Why Forbid When You Can Empower?
If you forbid your children to do anything, the natural instinct is for them to want to do it – and quite possibly to actually do it. At sixteen, I ran away from home because my mother forbid me to date this boy she didn’t like. If she had given me the freedom to make my own choice, I probably would have ended the relationship much sooner than I did. If you give your kids the space to make their own choices, there is a very good chance that they will set boundaries for themselves.
One of the most powerful parenting tools is asking the right questions that will incite your children to find good and healthy answers that fit for them. For example, if your child is contemplating what might be considered “risky behavior,” instead of forbidding your child, you might ask him/her:
“What do you think might be some positive and negative outcomes, if you ….?”
“If you removed peer pressure and you thought for yourself, what would you want to do?”
“What choice do you think supports you and your future self the most?”
Ask your child to imagine saying “yes” to the behavior, and following it through to an outcome so that he can future tense the behavior.

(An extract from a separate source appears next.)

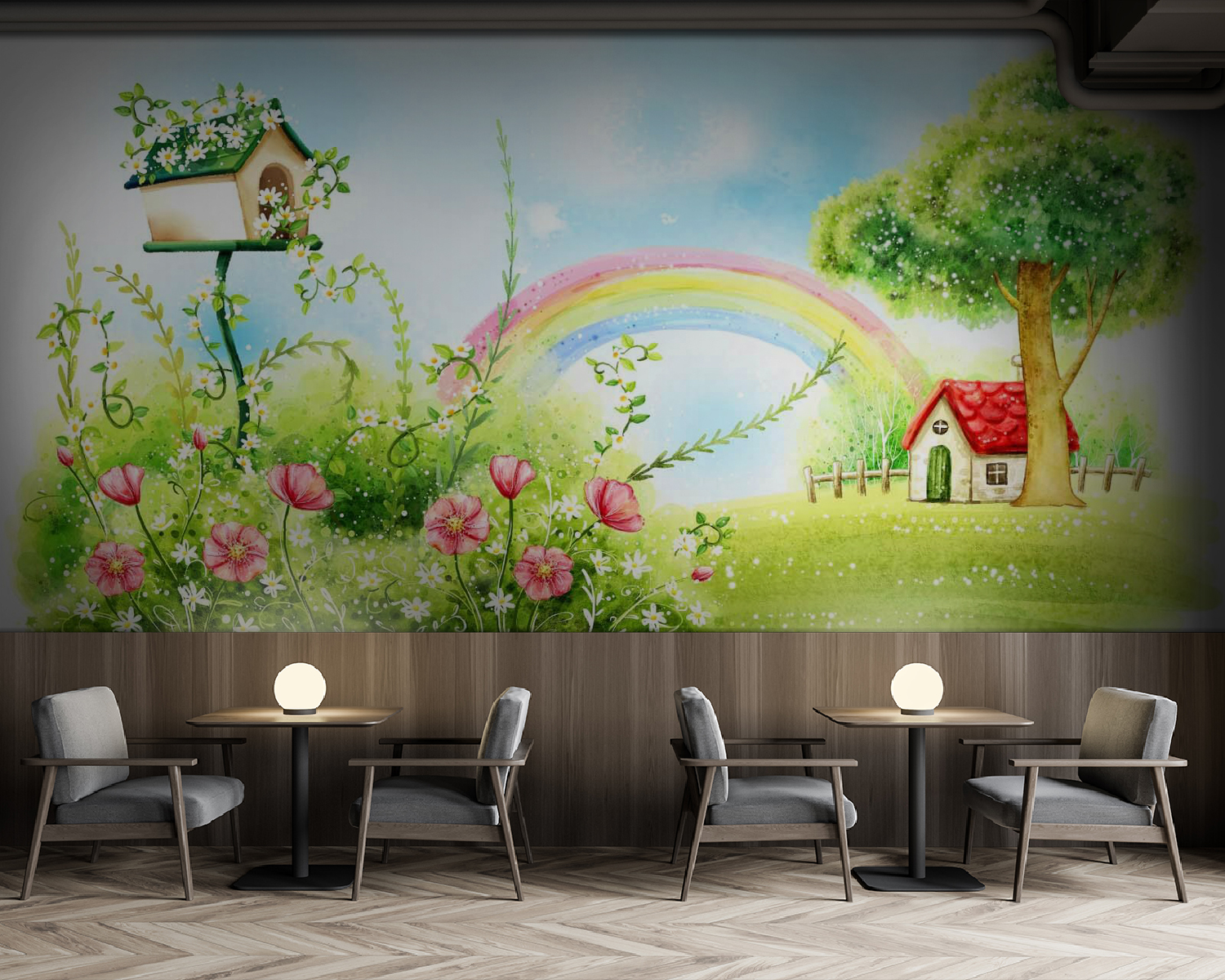 Imaginați-vă că vă treziți în fiecare dimineață la farmecul unei căsuțe cuibărită sub un copac, chiar în camera copilului dumneavoastră. Pictura murală “Casa de sub un copac” este ca o scenă desprinsă direct dintr-un basm. Verde blând, roșu vibrant – are un aer visător și fantezist. Perfect pentru a stârni niște aventuri serioase ale imaginației. Și căsuța pentru păsări învelită în flori? Prea drăguță! În plus, curcubeul adaugă un strop de magie. Este ca o lume confortabilă, fermecătoare, în care copiii tăi pot evada oricând. Gândiți-vă la povești sub copac sau la visurile cu ochii deschiși despre viața într-o casă mică. Această pictură murală este cu siguranță o scânteie de bucurie.

Then ask him to imagine saying no, and do the same.
At that point, you can ask, “What feels better for you, and why?”
Even if your teen does partake in “risky behavior,” if you have been an awake and supportive parent, chances are he/she will speak with you openly, and it can become an opportunity to help your child grow, and make better choices in the future.
I will be the first to admit, I am a very radical parent, and it took a great deal of courage to parent in this new paradigm, but I now have three grown happy children who know their intrinsic worth and their power to consciously create their lives. Along the way, I discovered that in order to teach my children about their own worth and power, I had to know it and live it for myself. Inspired Parenting requires that you grow and develop every step of the way.

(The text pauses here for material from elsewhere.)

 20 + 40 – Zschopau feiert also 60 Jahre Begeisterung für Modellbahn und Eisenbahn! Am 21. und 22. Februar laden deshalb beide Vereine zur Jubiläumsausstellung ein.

You might be concerned that if you allow your children to make their own choices and think for themselves, they will be out of control. As you may know, the Amish are one of the most conservative cultures on the planet. But did you know, when the Amish children reach the age of about fourteen, they are allowed and maybe even encouraged to go out into the world and experiment with life. This means that sex, drugs and rock and roll are all on their menu of possibilities. The point is, they must choose the Amish tradition for themselves and the only way that they can do so is if they have the free will to make that choice. The interesting part is that ninety percent of the kids consciously choose to go back into the Amish tradition.
As parents, we don’t own our children. We are guardians, mentors and cheerleaders.

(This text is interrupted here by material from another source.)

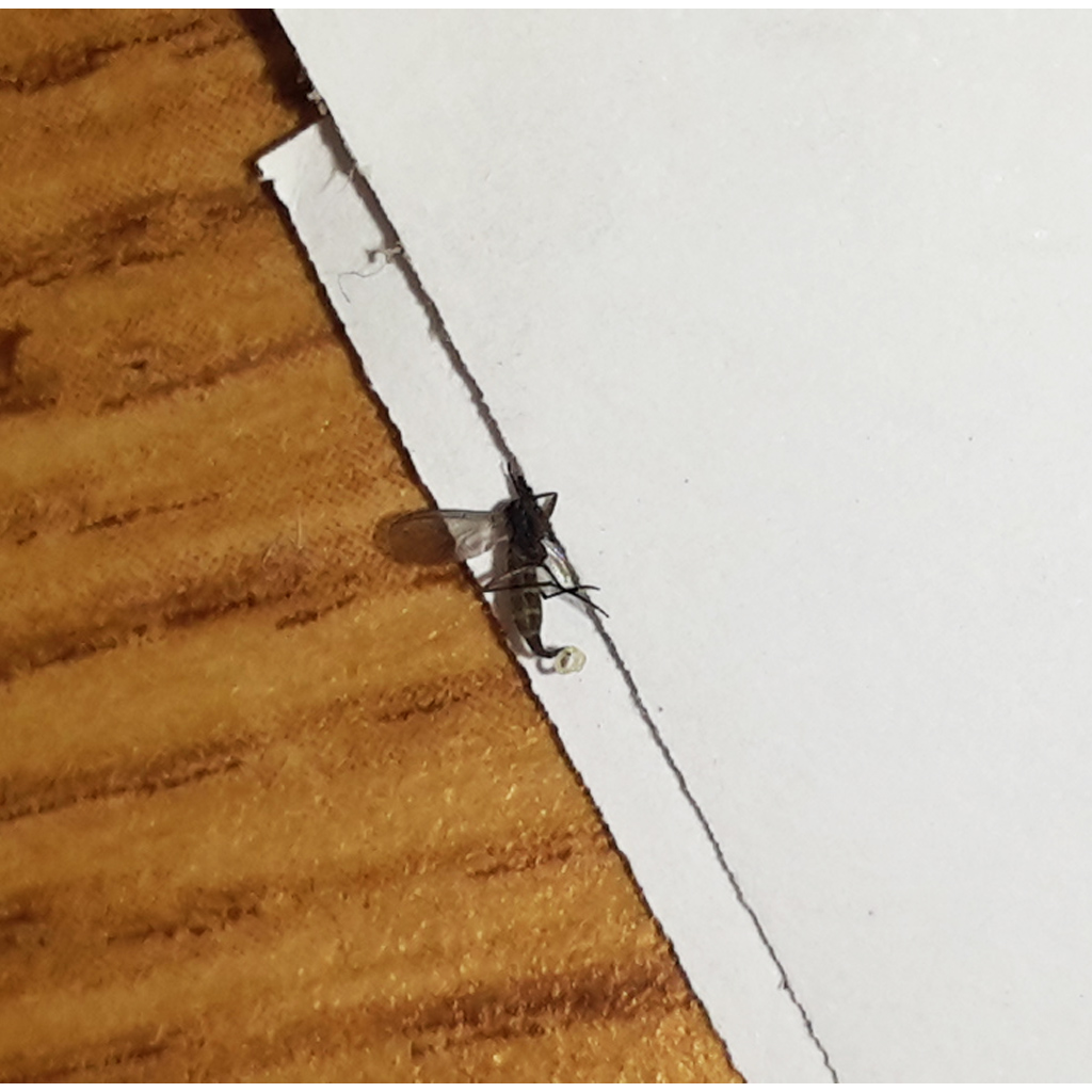 Proprio qualche sera fa mi ha punto un insetto a casa e ho avuto una reazione allergica con febbre e gonfiore e dolore nella parte interessata. Adesso sono sotto cura di antibiotici e cortisone. Sono riuscita a fotografare l'insetto che mi ha punto, ammesso che sia stato questo. Allego la foto. L'insetto è in realtà delle dimensioni di un moscerino, pochissimi millimetri e di colore nero. Spero che la foto sia abbastanza chiara. Sono curiosa di sapere che animaletto si tratta.

Your Guide for Empowering Teens
Although this is geared for teens, much of this guidance is appropriate for children of younger ages as well.
1. Ask for Feedback:
It is likely that you don’t realize when your children feel judged or dis-respected. Therefore, it is an empowering idea to ask your children, “Please let me know if you feel judged or dis-respected by me.” When your child does give you feedback, don’t react – don’t justify or deny. Instead, pause and examine your previous words and attitude. If you are uncertain, ask your child for further feedback. It is not up to you to decide if your child feels judged.